An FP->integer conversion is inexact when the FP value was not already an integer. e.g. 1.25 converts to integer 1 with a rounding error of 0.25. But 1.0 converts exactly to 1. This is the same FP exception flag that would be raised by 1.0 / 3.0 with divsd, but not by 1.0 / 2.0, because 0.5 is exactly representable as a float or double.
That sentence is an error in the manual. CVTTSD2SI always uses truncation when the conversion is inexact, not the current rounding mode in MXCSR (which defaults to nearest, tie-break to even)
The exact same single-sentence paragraph is present in the CVTSD2SI manual entry, which does use MXCSR, so this is a copy/paste error by Intel.

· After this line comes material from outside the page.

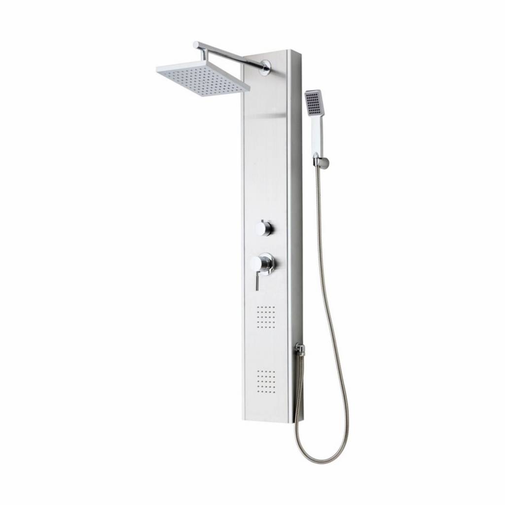 Dit douchepaneel van het merk Schütte behoort tot de Tahiti-serie. Het douchepaneel is gemaakt van roestvrij staal waardoor het uitstekend tot recht komt in vochtige ruimte. Het paneel beschikt over een douchemengkraan. Bovenin bevindt zich de vierkante stortdouche met een lengte en breedte van 19,5 cm, terwijl het paneel ook is voorzien van een kleine handdouche die u eenvoudig bevestigt op de wandhouder. Met de omstelknop is het eenvoudig te bepalen van welke douche gebruik wordt gemaakt.

Out-of-range is a different condition
if not there's no rounding but the value is -1 << 63 and an exception may be raised.
That's a separate kind of exception from inexact. The cvttsd2si manual covers this with
If a converted result exceeds the range limits of signed doubleword integer ([with a 32-bit destination]), the floating-point invalid exception is raised, and if this exception is masked, the indefinite integer value (80000000H) is returned.

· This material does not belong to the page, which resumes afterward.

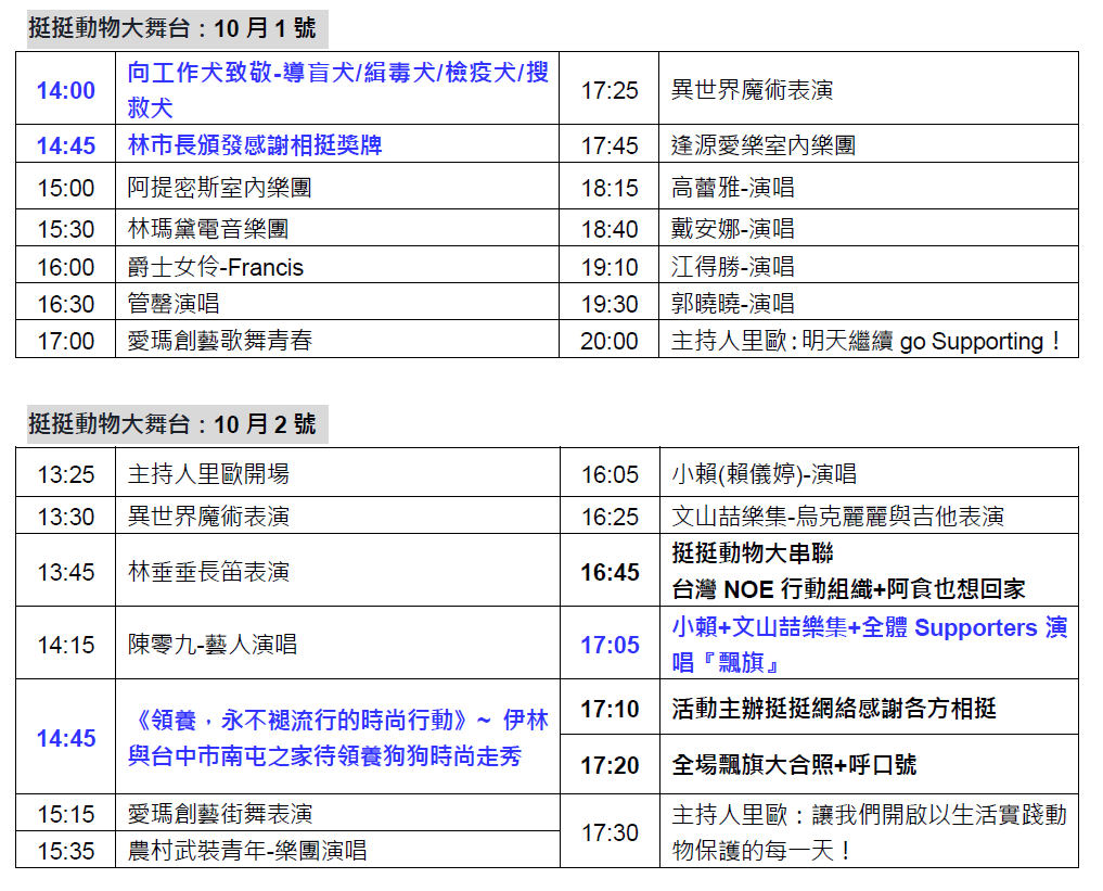 在舞台活動部分,兩天都有歌手、樂團演唱,1日還有「向工作犬致敬」活動,現場將請到檢疫犬、緝毒犬、搜救犬、導盲犬,以及相關單位向民眾介紹這些勞苦功高的小夥伴。2日時,則會有10位伊林名模帶著台中市動物之家的狗狗走秀,提高收容所內犬隻的能見度。

Similarly for 64-bit operand-size, the indefinite value is MSB set, other bits zero. That same bit-pattern is used whether the FP value was positive or negative.

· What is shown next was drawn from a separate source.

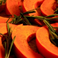 Preheat the oven to 356°F. Line a baking sheet with parchment paper and place the pumpkin on it. Season with salt and pepper, and add sprigs of rosemary. Bake in the oven for 20–25 minutes.

(It can of course also be a result of valid conversions, since the most-negative 2's complement number is a power of 2 and thus exactly representable as a double or even float. A better choice might have been some large-magnitude by odd number, like 80000001h, although that can still be the result of a valid double->int32 conversion. But not float->int32 or (for a wider 64-bit version) double->int64.)
Check Intel's manuals for the full set of flags in MXCSR. Or some article about that specifically, such as https://softpixel.com/~cwright/programming/simd/sse.php
IE (Invalid-operation Exception) is a separate flag from FP overflow (OE) or underflow (UE).
Experimental test
Just to make sure, I tested with GDB display $mxcsr to show (and decode) MXCSR after every single-step. (On an i7-6700k Skylake, but this behaviour is required so other CPUs should behave identically.)
section .rodata
frac: dq 1.75
whole: dq 2.0
section .text
global _start
_start:
stmxcsr [rsp-8] ; in the red zone; x86-64 SysV
cvtsd2si eax, [frac]
ldmxcsr [rsp-8]
cvttsd2si edx, [frac]
ldmxcsr [rsp-8]
cvttsd2si ecx, [whole]
;... fall off the end because I only want to single-step this, and can exit GDB before letting it step past here
$ nasm -felf64 foo.asm && ld -o foo foo.o
$ gdb ./foo
(gdb) layout reg
# and with recent GDB, layout n to get regs + disassembly
(gdb) starti
(gdb) display $mxcsr
1: $mxcsr = [ IM DM ZM OM UM PM ]
# bunch of things masked, no raised exceptions
(gdb) si a couple times
# after <_start+5> cvtsd2si eax,QWORD PTR [rip+0xff3] # 0x402000
1: $mxcsr = [ PE IM DM ZM OM UM PM ]
# PE = precision exception = inexact, plus the earlier mask flags
...
Each ldmxcsr reloads a no-exceptions-raised state so we can see what the next instruction did.
cvtsd2si and cvttsd2si both set PE, the inexact exception flag, when converting 1.75 to integer.- Both leave it clear when converting 2.0 to integer.
I didn't unmask any of the exceptions because I just wanted them recorded in the MXCSR sticky bits, not to trap and get a SIGFPE.